### What is being asked:
The required output is the stretch from the line containing "Simțire, 1811 | |||||||" through the line containing "Jak říká Adam, vymysleli" in the records below, unaltered and with no pictures.

### Record extracts:

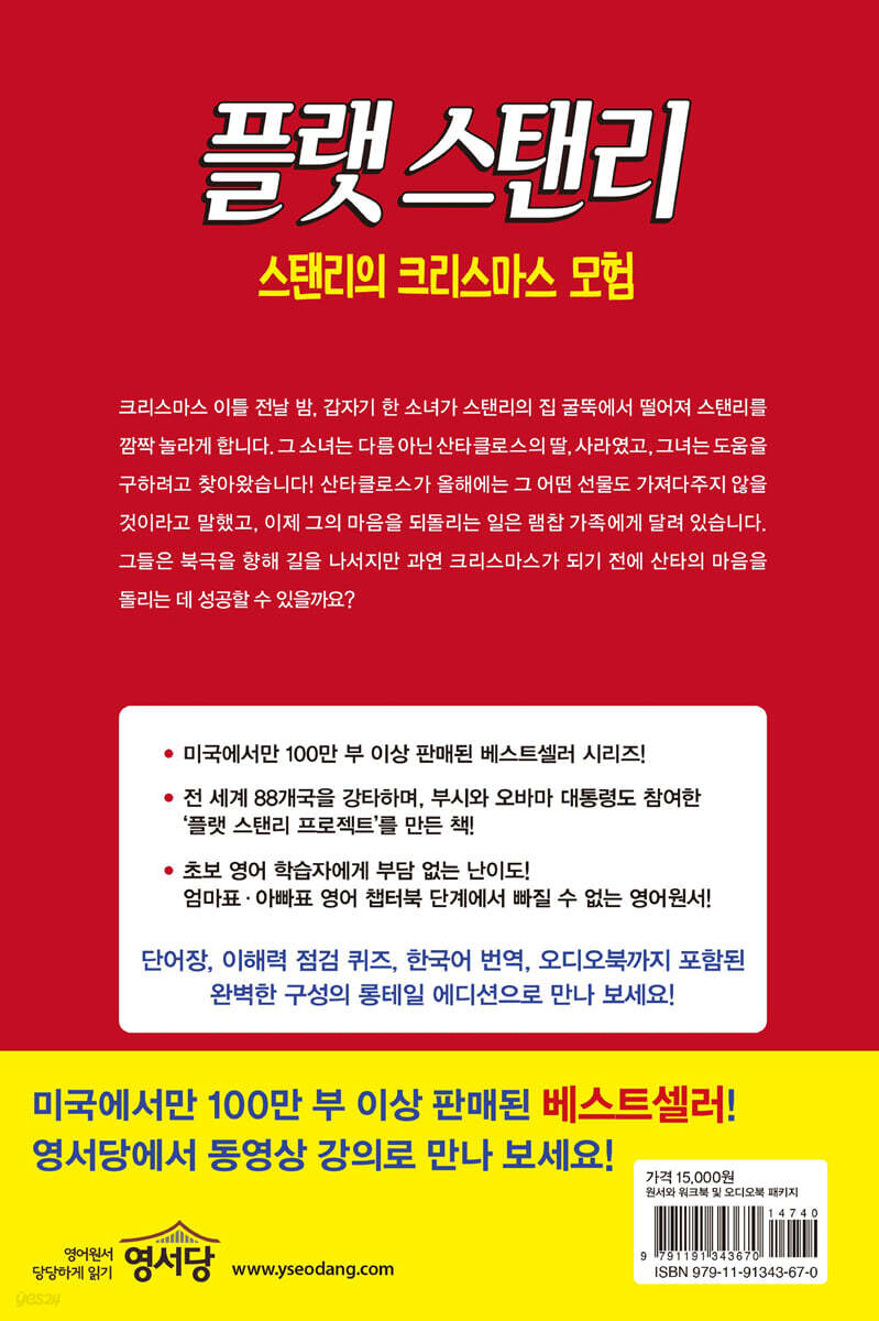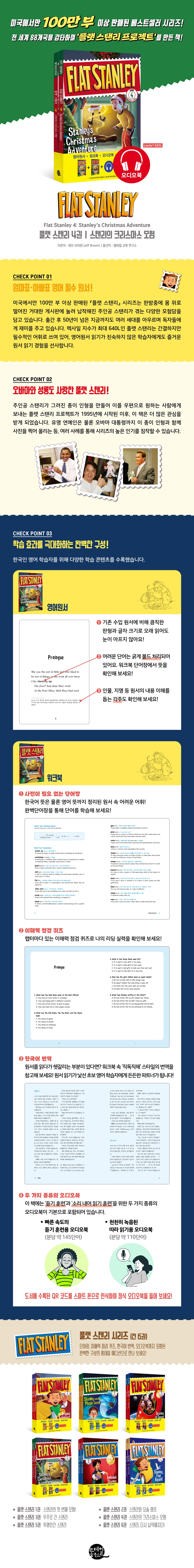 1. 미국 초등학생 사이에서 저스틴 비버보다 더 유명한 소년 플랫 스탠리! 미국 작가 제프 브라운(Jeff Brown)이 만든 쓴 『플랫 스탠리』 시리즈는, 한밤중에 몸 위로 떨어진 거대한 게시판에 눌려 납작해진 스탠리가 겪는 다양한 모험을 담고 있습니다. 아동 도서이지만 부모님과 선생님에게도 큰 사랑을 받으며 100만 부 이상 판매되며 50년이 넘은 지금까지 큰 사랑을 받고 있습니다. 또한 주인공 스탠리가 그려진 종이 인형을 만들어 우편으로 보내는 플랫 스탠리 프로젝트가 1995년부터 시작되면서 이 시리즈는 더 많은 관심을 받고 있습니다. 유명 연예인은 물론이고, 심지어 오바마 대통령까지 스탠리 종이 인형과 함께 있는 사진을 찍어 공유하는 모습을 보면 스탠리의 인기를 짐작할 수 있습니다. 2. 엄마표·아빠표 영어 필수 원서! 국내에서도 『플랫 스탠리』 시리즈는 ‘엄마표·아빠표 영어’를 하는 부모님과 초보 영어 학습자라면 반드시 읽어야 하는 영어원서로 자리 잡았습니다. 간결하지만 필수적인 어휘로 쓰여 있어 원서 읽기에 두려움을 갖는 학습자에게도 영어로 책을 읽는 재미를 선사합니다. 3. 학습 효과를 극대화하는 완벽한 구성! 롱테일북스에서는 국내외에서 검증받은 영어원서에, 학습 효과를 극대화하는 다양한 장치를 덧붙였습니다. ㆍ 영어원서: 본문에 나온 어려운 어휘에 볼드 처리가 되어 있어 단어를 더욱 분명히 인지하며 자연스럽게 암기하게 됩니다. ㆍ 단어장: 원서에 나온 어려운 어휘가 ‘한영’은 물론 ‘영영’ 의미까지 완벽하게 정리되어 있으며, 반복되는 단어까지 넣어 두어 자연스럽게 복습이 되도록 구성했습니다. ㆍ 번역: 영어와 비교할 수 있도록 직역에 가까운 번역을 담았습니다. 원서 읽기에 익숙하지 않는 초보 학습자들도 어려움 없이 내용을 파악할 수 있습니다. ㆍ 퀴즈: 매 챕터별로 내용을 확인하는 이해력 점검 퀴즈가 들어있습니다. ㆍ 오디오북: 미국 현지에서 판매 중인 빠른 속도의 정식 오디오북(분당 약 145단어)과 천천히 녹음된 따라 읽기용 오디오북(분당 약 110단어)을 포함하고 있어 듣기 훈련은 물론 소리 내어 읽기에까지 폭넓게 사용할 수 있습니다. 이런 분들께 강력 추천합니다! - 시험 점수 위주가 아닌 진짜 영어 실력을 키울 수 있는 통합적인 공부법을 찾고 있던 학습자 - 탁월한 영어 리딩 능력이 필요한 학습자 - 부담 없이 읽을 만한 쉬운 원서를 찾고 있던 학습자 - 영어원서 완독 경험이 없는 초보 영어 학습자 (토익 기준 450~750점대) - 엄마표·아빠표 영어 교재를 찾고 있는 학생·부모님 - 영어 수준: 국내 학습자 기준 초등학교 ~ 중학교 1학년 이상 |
---
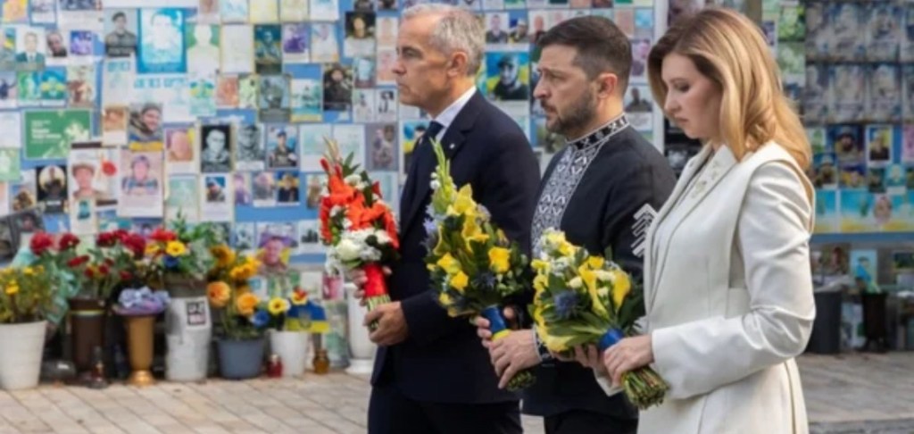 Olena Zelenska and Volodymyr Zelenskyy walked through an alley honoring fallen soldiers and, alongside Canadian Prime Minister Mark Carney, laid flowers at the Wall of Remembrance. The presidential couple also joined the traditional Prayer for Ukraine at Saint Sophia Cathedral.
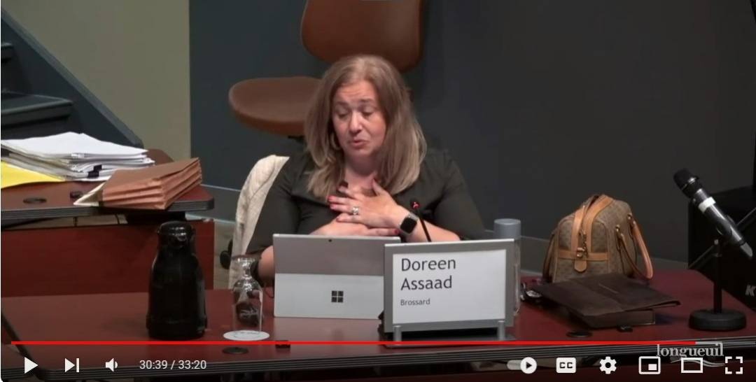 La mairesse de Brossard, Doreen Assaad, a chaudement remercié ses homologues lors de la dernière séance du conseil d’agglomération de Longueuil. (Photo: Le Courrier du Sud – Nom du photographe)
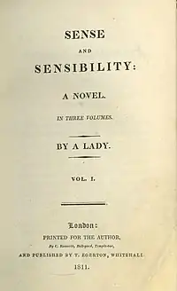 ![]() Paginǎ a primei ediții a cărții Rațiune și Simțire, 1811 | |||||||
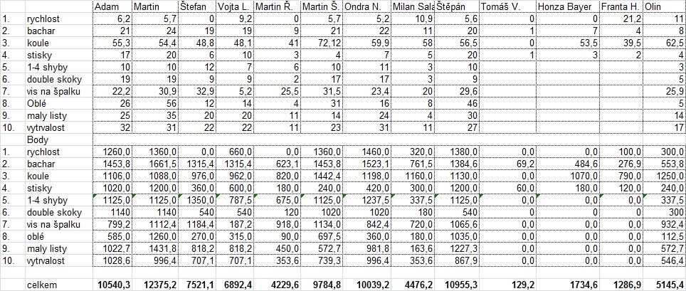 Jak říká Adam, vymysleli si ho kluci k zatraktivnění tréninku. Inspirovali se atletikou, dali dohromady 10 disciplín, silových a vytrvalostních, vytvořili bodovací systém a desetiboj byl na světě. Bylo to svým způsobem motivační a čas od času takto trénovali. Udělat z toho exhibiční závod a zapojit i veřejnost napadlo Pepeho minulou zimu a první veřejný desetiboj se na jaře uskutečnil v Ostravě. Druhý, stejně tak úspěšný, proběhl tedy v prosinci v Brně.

### Your solution:
 ![]() Paginǎ a primei ediții a cărții Rațiune și Simțire, 1811 | |||||||
 Jak říká Adam, vymysleli si ho kluci k zatraktivnění tréninku. Inspirovali se atletikou, dali dohromady 10 disciplín, silových a vytrvalostních, vytvořili bodovací systém a desetiboj byl na světě. Bylo to svým způsobem motivační a čas od času takto trénovali. Udělat z toho exhibiční závod a zapojit i veřejnost napadlo Pepeho minulou zimu a první veřejný desetiboj se na jaře uskutečnil v Ostravě. Druhý, stejně tak úspěšný, proběhl tedy v prosinci v Brně.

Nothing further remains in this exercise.